Vous pouvez être un farouche partisan d'Attac ou un opposant virulant. Peu importe, lisez cet article. Il y a des questions de bon sens dont on pourrait discuter.
Les fraises de Wépion et les pécheurs de crevettes de la côte vous en remercieraient.
Lire aussi par exemple
l'hinderland de DHL
ou Bierset et l'emploi partie 1 et partie 2.
L'équipe de trop de bruit.


L'original de cet article sur attac.be

Un article de Patrick Dupriez - publié le 18 octobre 2004 sur Attac.be

Nos arrière-petits-enfants auront peine à croire qu’il fut une époque comme la nôtre.
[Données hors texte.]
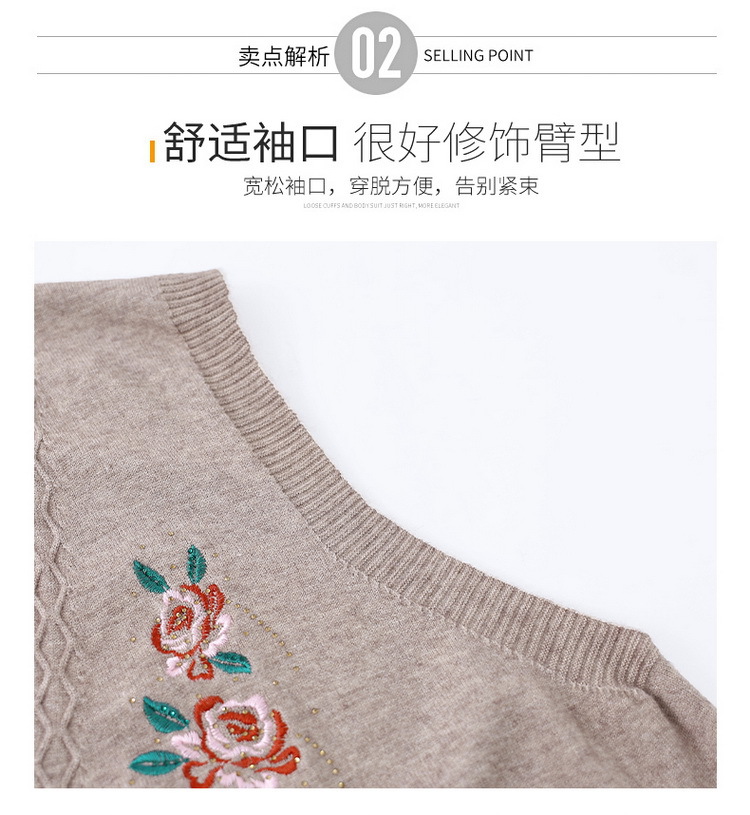 お母さんの丸首の薄いサイズのセーターの中で老年の婦人服は太って200斤の中高年の婦人服のニットウェアを増加します。

En ce temps là, pour passer le week-end à Venise, une famille brabançonne larguait sans hésiter son lot de kérosène brûlé et de nuisances sonores au-dessus de ses voisins ; les crevettes pêchées à Ostende allaient se faire décortiquer à Casablanca pour revenir plus roses que nature garnir les étals de nos poissonneries ; la fabrication d’un litre de jus d’orange et son transport jusqu’aux rayons de nos supermarchés nécessitait la consommation d’un même volume de pétrole... « Mais vous le saviez, Bon-Papa, que les réserves de pétrole s’épuisaient ? » « Oui, gamin, on le savait ». « Et vous saviez, que le brûler dans des avions allait modifier le climat et provoquer des catastrophes ? » « Oui, mon petit gars, les écolos nous rabattaient les oreilles avec cette histoire... Mais on n’avait pas envie de changer nos habitudes ».
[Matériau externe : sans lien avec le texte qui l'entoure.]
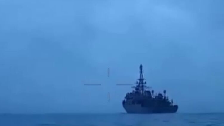 Раніше міноборони РФ публікувало відео знищення одного з трьох катерів, котрі атакували судно.

Nous avouerons à ces enfants de demain que l’Etat faisait alors la promotion active du transport aérien: financement des infrastructures, des énormes coûts de sécurité et de l’isolation des maisons ; avantages financiers divers pour attirer des compagnies dans nos aéroports ; absence de taxes sur le carburant des avions alors qu’elles sont ce que chacun sait sur l’essence de nos voitures et mobylettes ; et surtout, prise en charge par la collectivité des faramineux coûts environnementaux et des dépenses de santé résultant de ce trafic... Je ne sais pas vous, mais moi, même vieux et sage, j’aurai de la peine à leur expliquer tout ça...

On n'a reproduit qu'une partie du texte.